Breaking Barriers Through Food
Louis Guiden is pretty optimistic and hopeful these days, despite what has happened in the 15 months since COVID-19 hit our region in spring 2020.
He and his wife saw the inequities in education, family supports and housing well before the coronavirus landed in Washington in early 2020. There was also a lack of funding for Black, Indigenous and people of color-led community-based organizations. Economic development and a host of other challenges were also underfunded.
Seeing how Black youth were being pushed out of their education and into the school-to-prison pipeline, in 2008 Guiden founded Good Shepherd Youth Outreach, an organization that provides mentoring and interventions on behalf of young people of color in Federal Way. United Way of King County supports Good Shepherd’s work to help youth reengage with their education.
Bringing People Together with Food
While the pandemic exposed the deep, endemic racial inequities that have existed across the region and nation, it also gave Guiden a different perspective about community. He said it has led to better understanding among different racial, ethnic and cultural communities that previously were wary of each other.
The pandemic led to an increase in food insecurity due to the economic collapse caused by the shutdowns. Guiden realized his organization needed to fulfill a need in the community, so he launched Feeding Our Community in April 2020 to distribute food at the Boys and Girls Club in Federal Way using a “drive-through” system to maintain social distancing guidelines.

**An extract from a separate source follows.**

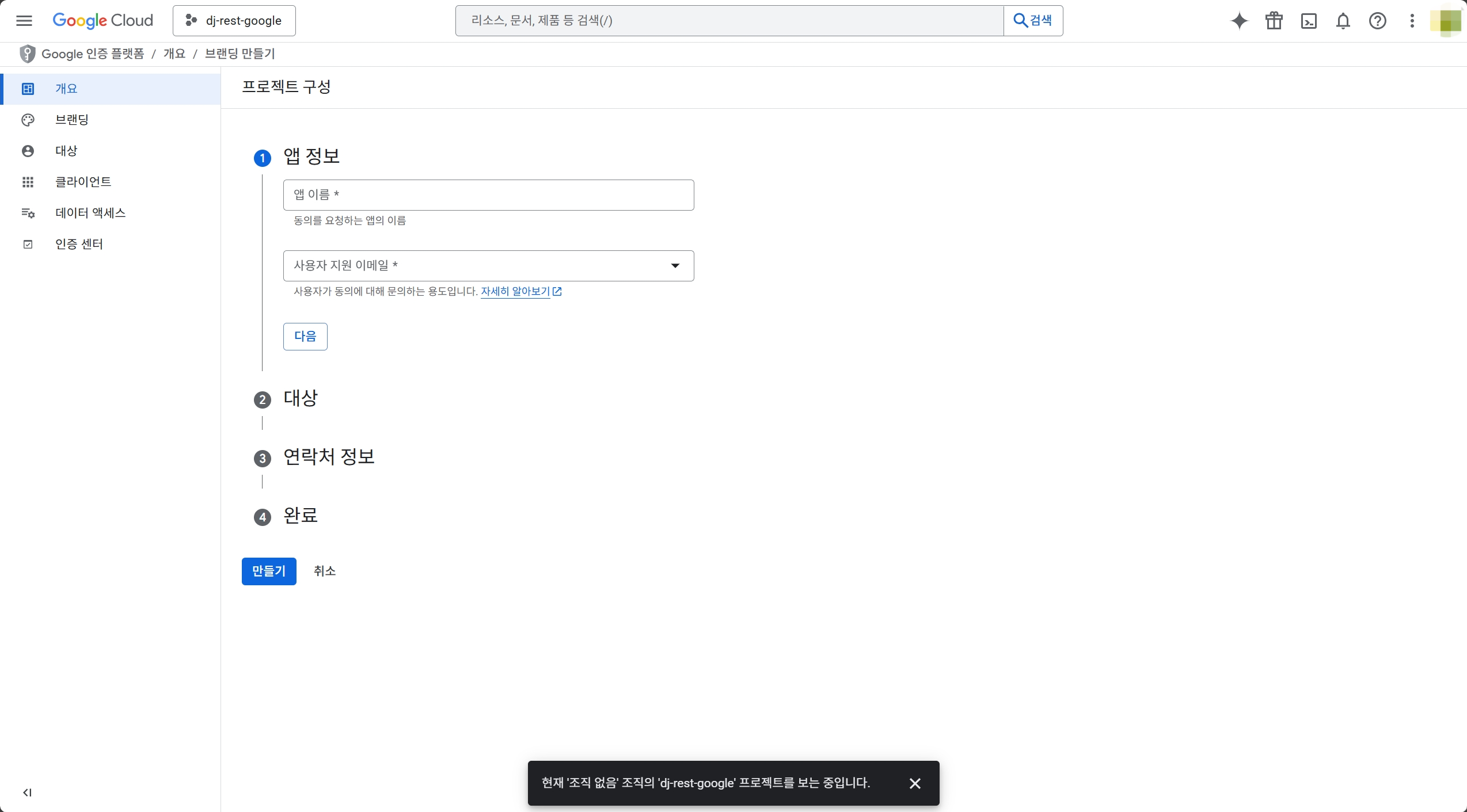 입력하라는 정보를 순서대로 모두 채우고 나서 만들기를 클릭한다.
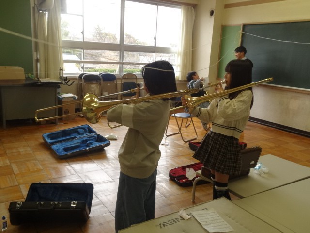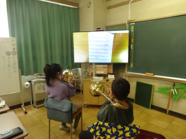5年生の練習も年度内の仕上げになってきました。各パートに分かれそれぞれの練習をしています。リズム、メロディーともにさらに良くなっています。他学年の先生も指導の応援に来てくれています。

Since then, over 120 cars line up in the driveway and out onto the street every Thursday morning to receive food that will feed a family for a week. Guiden said over 1,600 households per month receive healthy allotments of food.
“Folks are coming to our food distribution site because they say we look like them. The food we’re giving them is food they want to eat,” Guiden said. But, he added, “Food insecurity has always been a problem. The pandemic has exposed what was already there—it was just hidden.”
Guiden said his efforts to help families who need food have yielded “amazing” results. “The one thing about Black and brown communities, food is how we come together,” he said. “We’ve seen a lot of healing, relationship building. We see people coming around smiling now, feeling hopeful, grateful.”
Guiden said the Feeding Our Community program has brought communities from different races, ethnicities and cultures together and has broken barriers. Many members of those communities have come in to support Good Shepherd’s work.
For example, he said Hispanic families bring homemade tacos and tamales. He added that members of the Polynesian and Filipino communities also bring food to support the youth and staff who are serving at the site.
“We have been seen how people appreciate us as a Black-led organization, reaching out to serve and support them, and, in return, they’re serving and supporting us,” Guiden said.
“We’ve gone thru so much—the Black and brown community has gone through so much over the last year,” Guiden added. “And, if we survive that, we can come together now and support each other without white, mainstream organizations trying to lead the work. We’re leading the work now.”
One of the most positive aspects about the FOC is how cultural lines have been crossed because nutritional needs have grown across cultures. Guiden said the need also has forced people from other cultures, like Russian and Ukrainian families, to reassess their biases about Black people.
Guiden said he doesn’t want to be providing food in two years. Instead, he wants to see the community thrive on its own.
“We don’t want to keep feeding. We want to go from a betterment model to a development model,” he said. “We should see food insecurity going down because people have livable wages, jobs, careers, education.”
“It’s making people who come say, ‘Wait a minute, these are Black people? They’re not dangerous? They are here serving us? Wait a minute, we thought they were dangerous,'” Guiden said. “Now they come through, they laugh, their kids are speaking to us, so even that has removed barriers. We’re seeing people of other ethnicities seeing us different. It has changed a lot of biases people had about Black people. And that’s how we deal with implicit bias.”
A Volunteer-Led Effort
The food distribution effort is supported by mostly youth from the community. They help organize the boxes and bags of food and then put the packages in the cars’ trunks, minimizing contact to prevent the spread of the coronavirus.
One of the youth, Javontae, said he started helping out in the summer of 2020 after he graduated from high school. He is now a freshman studying film at Central Washington University. He said he heard about volunteering at the site from a friend.
“I wasn’t worried about the pay, I was more worried about helping the community because I’m about people, the community,” Javontae said. “That’s what I’ve always been about, helping people.”
Another youth, Isaiah, who also graduated from high school in 2020 and now attends Green River College, said he likes helping people and “do whatever I can to help out. It’s really big for me.” He added that the FOC brings everybody together, “like a family.”